Well, whitewater junkie, I hope you at least got to watch the Saints beat the Vikings while WE were merely running the Salt at 1500cfs. No TV down there in the sunny canyon on Sundays. 

It was fun meeting yakkeranna at the top as evil Kenny and I drove up and they said "are you here to boat?" and Kenny says "If you're here to shuttle we are!" and the boating was on with no hiking required. Salt was fun- had my first swim in three years, easy clean up after my keeper hole let me out after somewhere between 30 seconds and an hour. And for some reason the roll didn't work after 4 trys-excuses are- water too cold, tired from unplanned side surf, first time in boat since Dec2nd, didn't drink enough the night before, etc. New rocks(like 2' size small boulder rocks) had fallen about 150' from where we parked the truck at the bottom of the shuttle while we were boating. That place is falling apart.

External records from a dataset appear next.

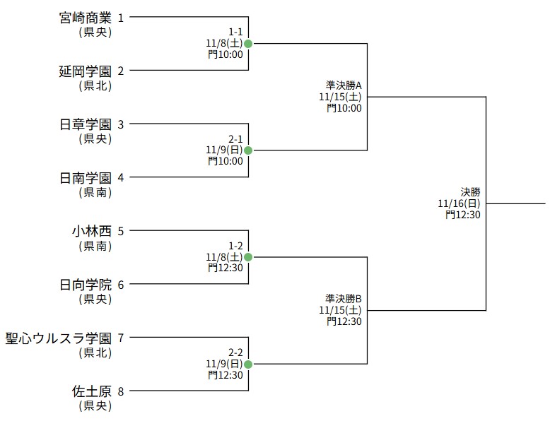 【高校】 「第52回宮崎県高等学校1年生野球大会」組み合わせ owner 9時間 ago 11月8日から門川野球場にて開催される「第52回宮崎県高等学校1年生野球大会」の組み合わせです。 出場チームのご健闘をお祈りいたします。
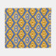 Psychedelische Decke mit seltsamen Augenmustern indigoblau und honeycomb gelb Farben. Dieses spaßige eklektische, sonderbare Muster ähnelt aufgrund seiner geometrischen Formen dem zeitgenössischen Stil der Mitte des Jahrhunderts.
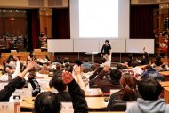 授業は、「配偶者や大学生の子供を養っている状況で、自分が働く会社が汚染されたお米を売っていると知ったら内部告発を行うか」という主題に基づき進行。グループワークが始まってすぐに教室内は学生たちの活発な議論の声で溢れ、アクティブラーニングならではの光景が広がりました。議論の結果、告発すると回答した学生は65名、告発しないと回答した学生30名という結果に。告発するとした学生からは「不正を知ってそのまま働くことはできない」「個人の事情より社会に与える悪影響を考えると見過ごせない」といった意見が、告発しないとした学生からは「告発することで解雇や倒産のリスクがある」「自分がやらずとも他の誰かがやるだろう」との意見が次々と寄せられました。クラス討議では吉井教授から「では別の条件だったらどう思うだろうか?」など、考察を深めるための質問が学生に投げかけられ、授業はさらに白熱していきました。

That afternoon Kenny and I went over to the Tonto and the next day(yesterday the 25th) did the lower box section. It was running somewhere around 700 to 1000 , the gauge does a weird jump from 248cfs to 1070 during the time we were there but I think something jammed it because at that time the Tonto was just dropping from the 12,700 cfs peak from the day before, from the 60k peak on the 22nd.

In any case, it was thoroughly enjoyable, and we were able to catch a local at the mailboxes at Jakes corner to run our shuttle for a slight fee. From shuttle to shuttle was 3 and a half hours. Weather was sunny, low 50's, One unintentional roll, and we never did see any of the trailers the local told me had washed down the canyon with the flood- or maybe the styrofoam panels and sleeping bag in the Rye creek drainage were trailer remnants. Definitely worth the trip.


----------



## yakkeranna (Jul 8, 2009)

I agree, Sealion! We were definitely stoked to see you two pull up at the put-in, and good on you for hitting up the Tonto. It was definitely worth the drive for me to get down there and run something. Maybe we'll see you again on the river somewhere.


----------